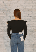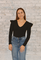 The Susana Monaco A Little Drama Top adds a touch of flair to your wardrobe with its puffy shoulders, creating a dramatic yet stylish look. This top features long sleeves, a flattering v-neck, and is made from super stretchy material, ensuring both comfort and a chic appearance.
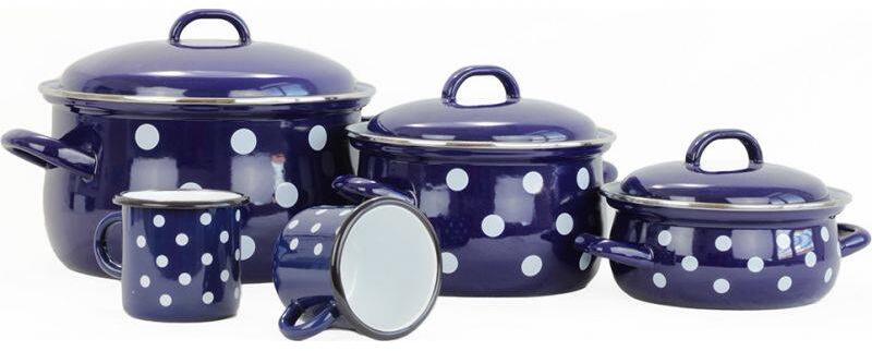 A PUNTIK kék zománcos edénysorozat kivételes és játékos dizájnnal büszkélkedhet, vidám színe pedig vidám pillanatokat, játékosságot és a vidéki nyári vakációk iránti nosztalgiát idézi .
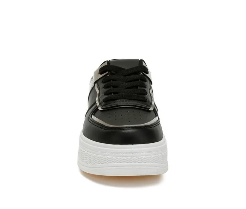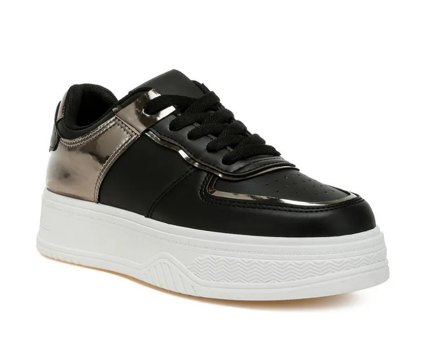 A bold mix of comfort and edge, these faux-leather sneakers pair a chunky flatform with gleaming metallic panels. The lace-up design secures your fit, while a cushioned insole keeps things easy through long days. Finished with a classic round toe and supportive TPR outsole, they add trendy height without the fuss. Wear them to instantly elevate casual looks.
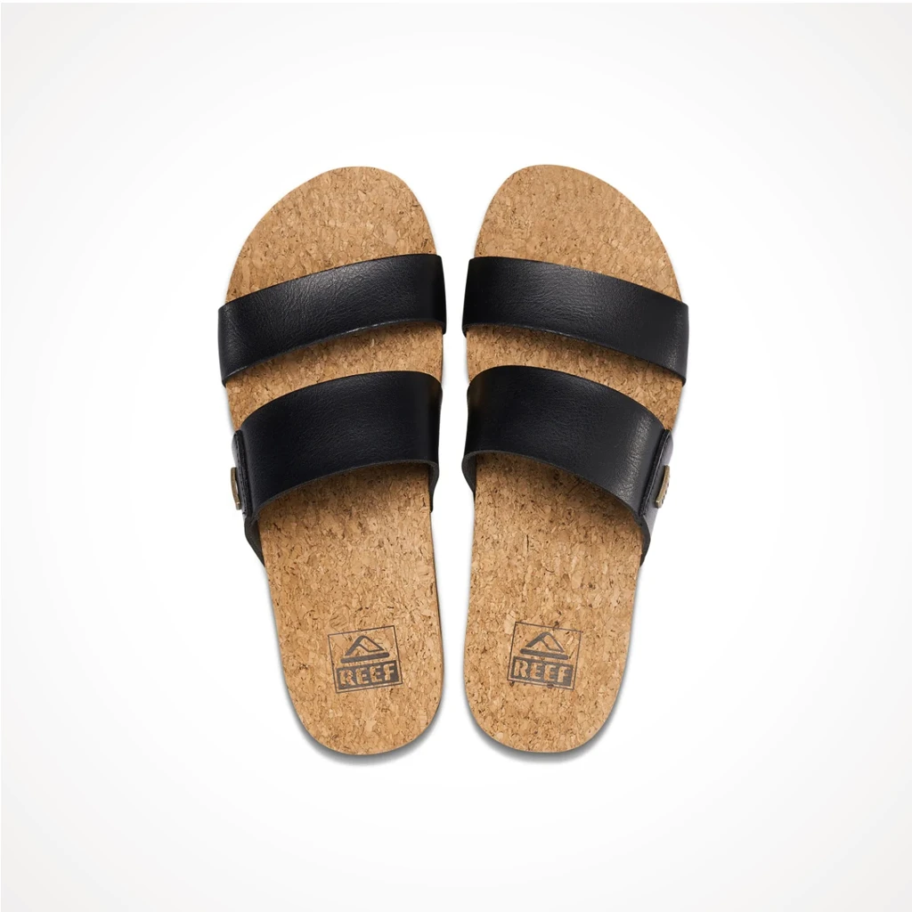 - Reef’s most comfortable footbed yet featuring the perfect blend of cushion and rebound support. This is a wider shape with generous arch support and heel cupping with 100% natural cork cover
============
## Your instructions
When you return the listing, keep it exact and omit any pictures it holds.

## Answer section
 The Susana Monaco A Little Drama Top adds a touch of flair to your wardrobe with its puffy shoulders, creating a dramatic yet stylish look. This top features long sleeves, a flattering v-neck, and is made from super stretchy material, ensuring both comfort and a chic appearance.
 A PUNTIK kék zománcos edénysorozat kivételes és játékos dizájnnal büszkélkedhet, vidám színe pedig vidám pillanatokat, játékosságot és a vidéki nyári vakációk iránti nosztalgiát idézi .
 A bold mix of comfort and edge, these faux-leather sneakers pair a chunky flatform with gleaming metallic panels. The lace-up design secures your fit, while a cushioned insole keeps things easy through long days. Finished with a classic round toe and supportive TPR outsole, they add trendy height without the fuss. Wear them to instantly elevate casual looks.
 - Reef’s most comfortable footbed yet featuring the perfect blend of cushion and rebound support. This is a wider shape with generous arch support and heel cupping with 100% natural cork cover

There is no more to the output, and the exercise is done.